Probably much to Sharphooks surprise, I'll second his suggestion. Jim from Downriver Tackle does a fantastic job in both manufacturing new jig head ideas and custom painting lures. He did indeed send me one of his own Gobie patterns, it looks great, and I even previewed it and gave it rave (untested reviews) here on this site.  

Again, my own personal idea of the color pattern of our Saginaw Bay Gobie, is much different from Jim's. It cannot be a secret to anybody, that many environmental variables have a direct bearing/impact on what a certain skin color pattern any fish species takes in certain bodies of water.

This offer by me was not intended to be some kind of contest, or a sinister plot to steal a color idea, like some are making it out to be. My timing may have been suspicious, but I talked this idea over with Dave way last summer when I cleaned my first walleye, gorged with Gobie carcasses. If some people don't believe that, there's nothing I can do or say about it to their satisfaction.
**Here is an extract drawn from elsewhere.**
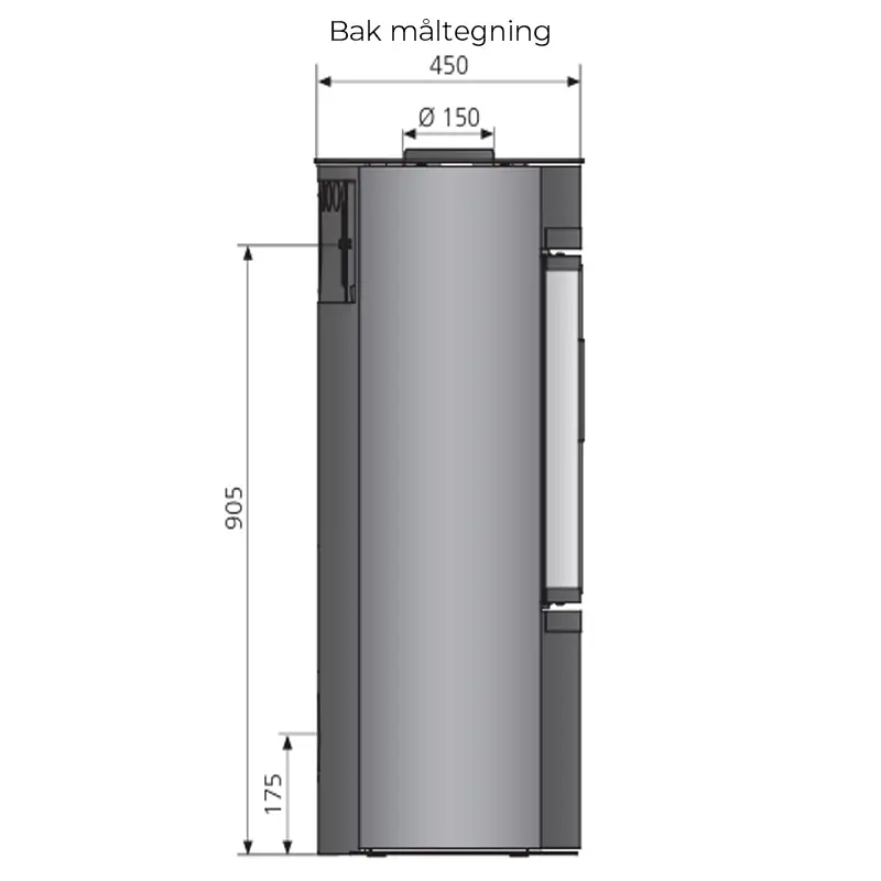 - Røykrørstilkobling bak eller på toppen – gir fleksibilitet ved montering.

I'd simply ask for you too examine my posting and information sharing record on all the boards and web sites I post on, as well as to anybody who's personally PM'd me asking for help on any fishing subject. 

I know it's hard to believe, but sharing information and occassional new ideas with everybody, brings it's own rewards personally, privately and business wise. Sorry, but the only agenda I have, is being known for sharing, teaching and being a good fisherman. And like anybody different from the norm, I'll make both friends and enemies along the way for doing so. And to that I say, Oh well, because I'm to old and set in my ways to change now.


----------



## cresty (Apr 21, 2004)

Dan I would also be interested in a dozen if it isn't too late.


----------



## walleye express (Mar 16, 2004)

Cresty.

At this point and time, nobody will be getting the original dozen number. Reading this whole post will explain why. I will put your name down as an alternate, in case I get more lures, can't get a hold of the people on the original list, or somebody drops out. Best I can do my friend. :chillin:


----------



## newk8 (Jul 28, 2004)

Dan,

I appreciate the post where you explain you rational for the way you do things and post threads. Sportsman like you deserve the utmost respect from the rest of us. I look forward to your reports this summer as you have aided my fishing success and enjoyment for the activity. I do appreciate what youhave done with this lure and look forward to seeing them and trying them out this summer. I realize you can not let meknow where they would be sold at this time, but when they do become available, please PM me and let me know where I will be driving to in order to obtain a couple 6 of these. PLease keep the reports coming and the lines tight. Oh yeah by the way, glad to read that you were not one of the ice fisherman stranded on the ice Wednesday!!! :yikes:


----------